Not only were these publishers collectively responsible for billions of automated ad requests, but their websites were also often extremely deceptive. For example, of the top ten webpages visited by HitLeap bots in June, nine of these included hidden ad slots -- meaning that not only was the traffic fake, but the ads couldn’t have been seen even if they had been legitimate human visitors.
http://vedgre.com/7/gg.html is illustrative of these nine webpages with hidden ad slots. The webpage has no visible content other than a single 300×250px ad. This visible ad is actually in a 300×250px iframe that includes two ads, the second of which is hidden. Additionally, there are also twenty-seven 0×0px hidden iframes on this page with each hidden iframe including two ad slots. In total there are fifty-five hidden ads on this page and one visible ad. Finally, the ads served on http://vedgre.com/7/gg.html appear to advertisers as though they have been served on legitimate websites like indiatimes.com, scotsman.com, autotrader.co.uk, allrecipes.com, dictionary.com and nypost.com, because the tags used on http://vedgre.com/7/gg.html to request the ad creatives have been deliberately spoofed.
An example of collateral damage
Unlike the traffic described above, there is also automated data-center traffic that impacts advertising campaigns but that hasn’t been generated for malicious purposes. An interesting example of this is an advertising competitive intelligence company that is generating a large volume of undeclared non-human traffic.
This company uses bots to scrape the web to find out which ad creatives are being served on which websites and at what scale. The company’s scrapers also click ad creatives to analyse the landing page destinations. To provide its clients with the most accurate possible intelligence, this company’s scrapers operate at extraordinary scale and they also do so without including bot identifiers in their User-Agent strings.

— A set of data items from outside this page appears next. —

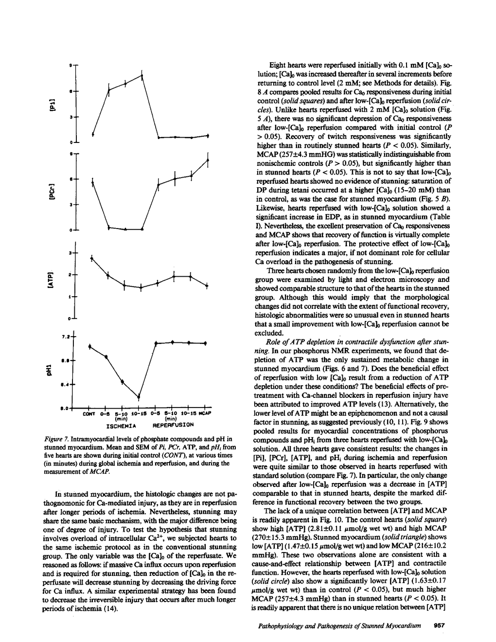 Contractile dysfunction in stunned myocardium could result from a decrease in the intracellular free [Ca2+] transient during each beat, a decrease in maximal Ca2+-activated force, or a shift in myofilament Ca2+ sensitivity. We measured developed pressure (DP) at several [Ca]0 (0.5-7.5 mM) in isovolumic Langendorff-perfused ferret hearts at 37 degrees C after 15 min of global ischemia (stunned group, n = 13) or in a nonischemic control group (n = 6). At all [Ca]0, DP was depressed in the stunned group (P less than 0.001). Maximal Ca2+-activated pressure (MCAP), measured from tetani after exposure to ryanodine, was decreased after stunning (P less than 0.05). Normalization of the DP-[Ca]0 relationship by corresponding MCAP (Ca0 sensitivity) revealed a shift to higher [Ca]0 in stunned hearts. To test whether cellular Ca overload initiates stunning, we reperfused with low-[Ca]0 solution (0.1-0.5 mM; n = 8). DP and MCAP in the low-[Ca]0 group were comparable to control (P greater than 0.05), and higher than in the stunned group (P less than 0.05). Myocardial [ATP] observed by phosphorus NMR failed to correlate with functional recovery. In conclusion, contractile dysfunction in stunned myocardium is due to a decline in maximal force, and a shift in Ca0 sensitivity (which may reflect either decreased myofilament Ca2+ sensitivity or a decrease in the [Ca2+] transient). Our results also indicate that calcium entry upon reperfusion plays a major role in the pathogenesis of myocardial stunning.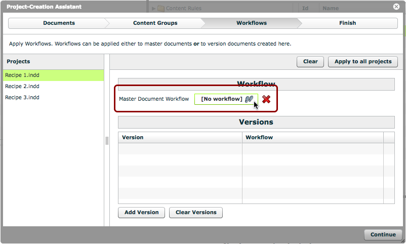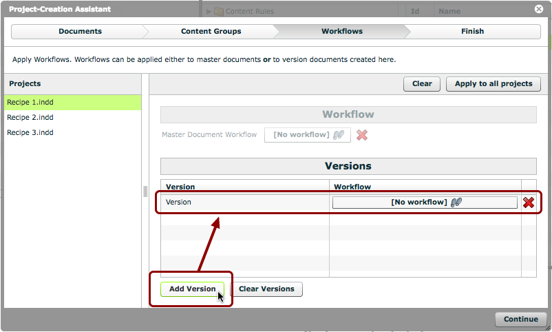 In this step, you can set up what version documents should be created for each project, and what workflows to apply to those version documents.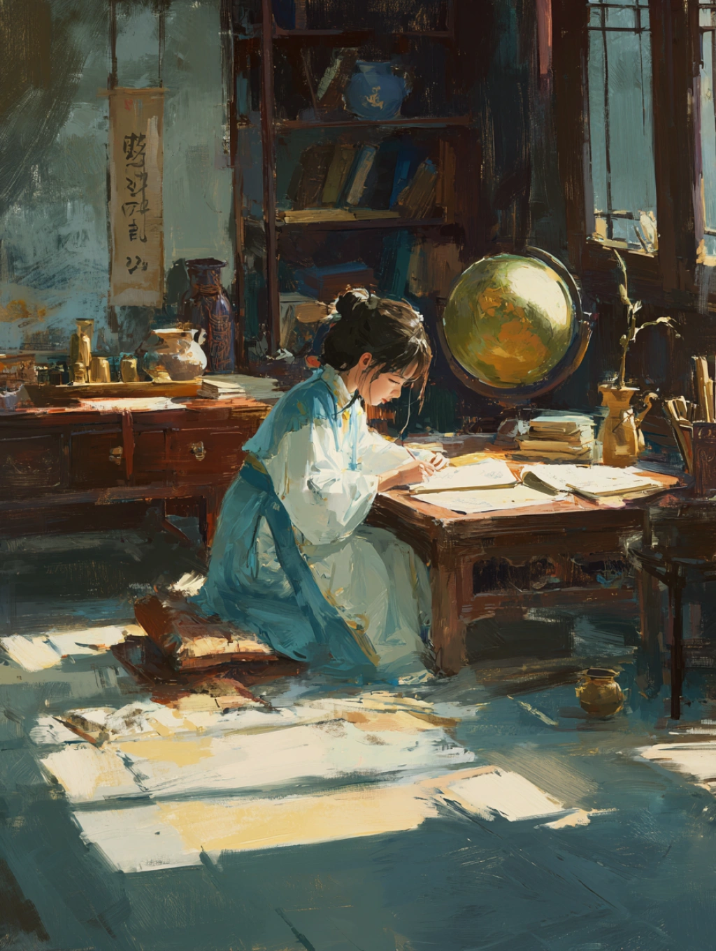 提示词(Prompt) 二次元图书馆午后,少女静坐读书,浅棕与湖蓝,文艺清新风格,书页细节丰富,窗外阳光洒落书桌,画面安静美好 --ar 3:4 |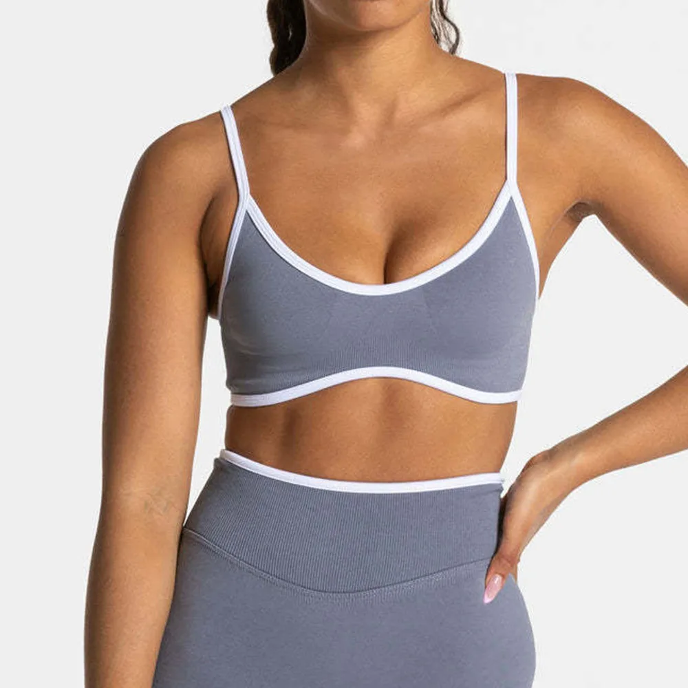 2 pcs White Contrast Color Design Sling Sports Underwear Breathable Yoga Bra Outdoor Fitness Yoga Top and Bottom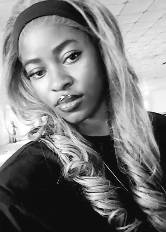 A person with long wavy blonde hair, a black headband, and a dark-colored shirt is the main focus in this black and white video. The person is looking directly at the camera with a neutral expression. They have glossy lips and appear to be wearing jewelry, including a lip ring, a ring on their finger, and a necklace. They briefly raise their hand to their hair. The background is blurry, but there is a glimpse of a ceiling with fixtures.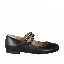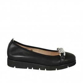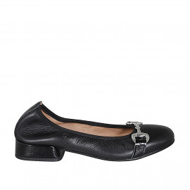 Bailarina para mujer en gamuza y piel negra con puntera y accesorio tacon 3 - Tallas disponibles:  32, 33

While the aim of this company is not to cause advertisers to pay for fake traffic, the company’s scrapers do waste advertiser spend. They not only generate non-human impressions; they also distort the metrics that advertisers use to evaluate campaign performance—in particular, click metrics. Looking at the data across DoubleClick Campaign Manager this company’s scrapers were responsible for 65% of the automated data-center clicks recorded in the month of May.
Going forward
Google has always invested to prevent this and other types of invalid traffic from entering our ad platforms. By contributing our data-center blacklist to TAG, we hope to help others in the industry protect themselves.
We’re excited by the collaborative spirit we’ve seen working with other industry leaders on this initiative. This is an important, early step toward tackling fraudulent and illegitimate inventory across the industry and we look forward to sharing more in the future. By pooling our collective efforts and working with industry bodies, we can create strong defenses against those looking to take advantage of our ecosystem. We look forward to working with the TAG Anti-fraud working group to turn this pilot program into an industry-wide tool.